Intro

Comment ne pas évoquer la fourbure lorsque l’on s’intéresse à l’orthopédie équine ? La fourbure est une pathologie majeure chez le cheval. Elle peut apparaître dans différentes circonstances, être aiguë ou bien devenir chronique, toucher un membre, deux, ou quatre, être associée à une autre pathologie ou non, mais elle a dans tous les cas un effet dévastateur sur le pied du cheval. Même si la fourbure est bien connue depuis des siècles, il y a encore beaucoup à apprendre sur cette pathologie. Malgré tout, vétérinaires et maréchaux-ferrants parviennent dans bien des cas à soigner les chevaux qui en sont atteints. Et c’est pour en montrer un exemple que nous avons voulu parler d’un cas concret : une jument fourbue, suivie par le Dr Nathalie Veniard, vétérinaire à la clinique de Rance-Frémur et Xavier Derrien, maréchal-ferrant à Dinan.

Notre cas

Le cas de cette jument a débuté lorsqu’elle a présenté une boiterie aiguë de grade 5/5 du postérieur droit (voir l’article “Comment repérer une boiterie de pied chez votre équidé?”). Rapidement, un objet contondant a été retrouvé planté dans la fourchette du postérieur droit.

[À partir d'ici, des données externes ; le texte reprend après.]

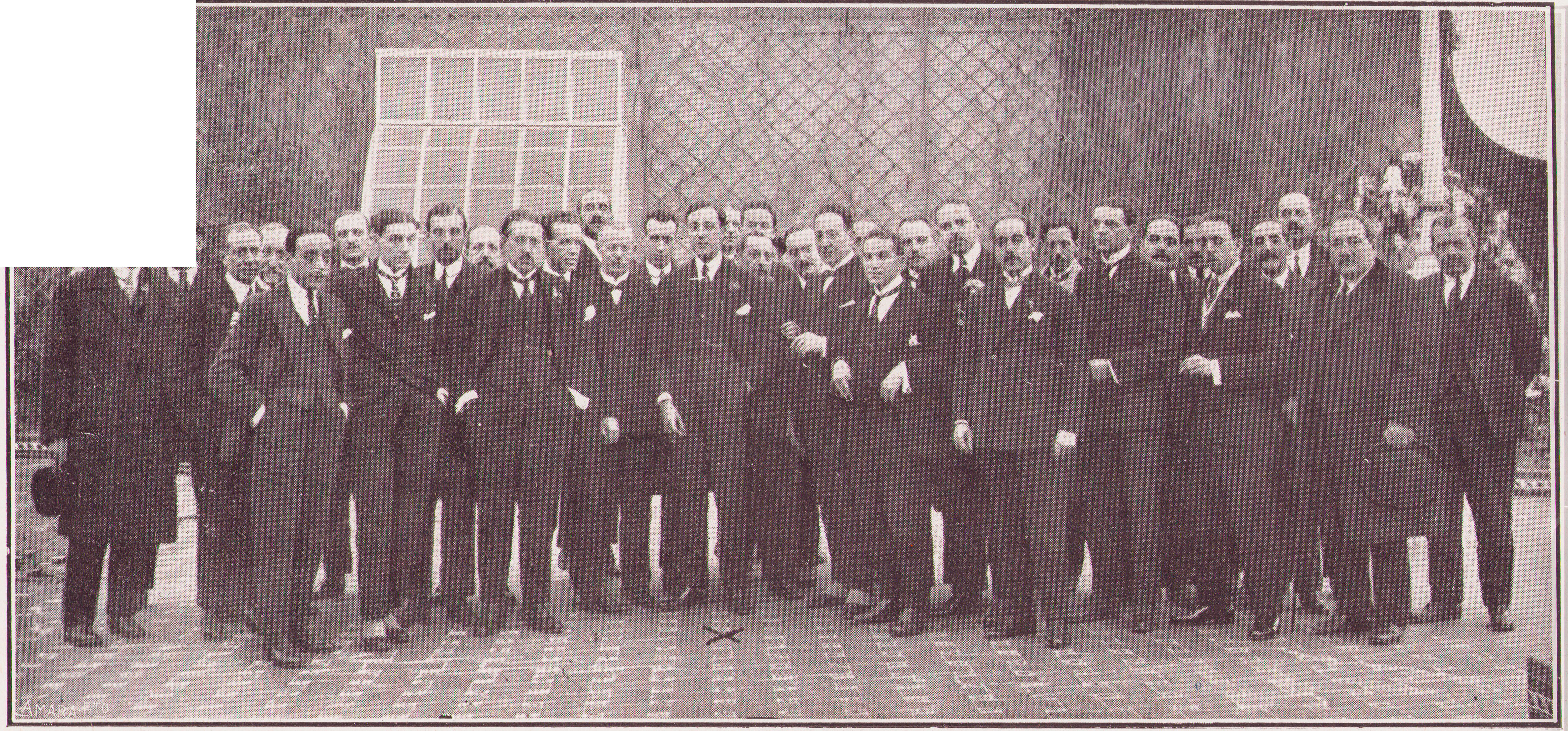 D. Manuel Garcia Miranda, rodeado de los amigos y compañeros que le obsequiaron con un banquete en el Casino de Madrid el dia 24 del actual, para festejar su nombramiento de profesor de la Escuela de Estudios Superiores del Magisterio.

Une fois l‘objet enlevé, la fourchette parée afin de pouvoir désinfecter et appliquer un pansement. La jument est maintenue au box mais elle présente rapidement une douleur importante au niveau du pied lésé. De ce fait, elle refuse de bouger et reporte totalement son appui sur le postérieur gauche. Ces deux comportements ont des conséquences catastrophiques pour ce pied postérieur gauche qui subit continuellement la charge de l’arrière-main. Dans ces conditions, la circulation sanguine du pied ne peut plus s’effectuer normalement et, quelques jours plus tard, les premiers signes de fourbure du postérieur gauche apparaissent.

C’est à ce moment que le vétérinaire est sollicité pour établir un diagnostic. Après examen clinique et radiographique (Figure 1), celui-ci est sans appel. La fourbure diagnostiquée a déjà sévèrement dégradé la structure du pied. La cohésion normale entre le sabot et les tissus sous-jacents du pied n’est plus présente, ce qui a pour conséquence un effondrement et une bascule de la 3e phalange.

La jument est prise en charge et reçoit un traitement médicamenteux, notamment analgésique et une ferrure thérapeutique est prescrite. A ce stade, les intervenants sont bien conscients que le pronostic vital est réservé à long terme et le pronostic sportif est très sombre.

Figure 1 : Cliché radiographique. La 3e phalange est effondrée dans la boîte cornée et vient écraser les tissus mous et les vaisseaux sanguins entre la sole et l’os. Un basculement de la 3e phalange est également présent. Le schéma illustre le phénomène. A noter, le cliché a été réalisé avec le pied posé en pince car la jument refusait de s’appuyer dessus

Figure 1

Pour ce qui est de l’évolution à long terme, le choix d’un traitement orthopédique adapté est fondamental. En particulier, c’est la compétence du maréchal-ferrant qui est déterminante. Le vétérinaire est en mesure d’exposer au maréchal, la nature et la sévérité des lésions qu’il observe, et, à la suite de cette discussion, le maréchal propose une solution de ferrage thérapeutique. Lorsque l’on est face à des cas compliqués comme celui-ci, le défi pour le maréchal-ferrant est de proposer un ferrage thérapeutique qui soit, bien sûr, adaptée au problème rencontré, mais aussi réalisable techniquement. En fonction de la qualité du pied et du mode de vie du cheval, entre autres, le professionnel devra faire des choix et trouver un compromis entre théories et réalités du terrain. Dans notre cas, plusieurs ferrures thérapeutiques ont été essayées (figure 2 et figure 3).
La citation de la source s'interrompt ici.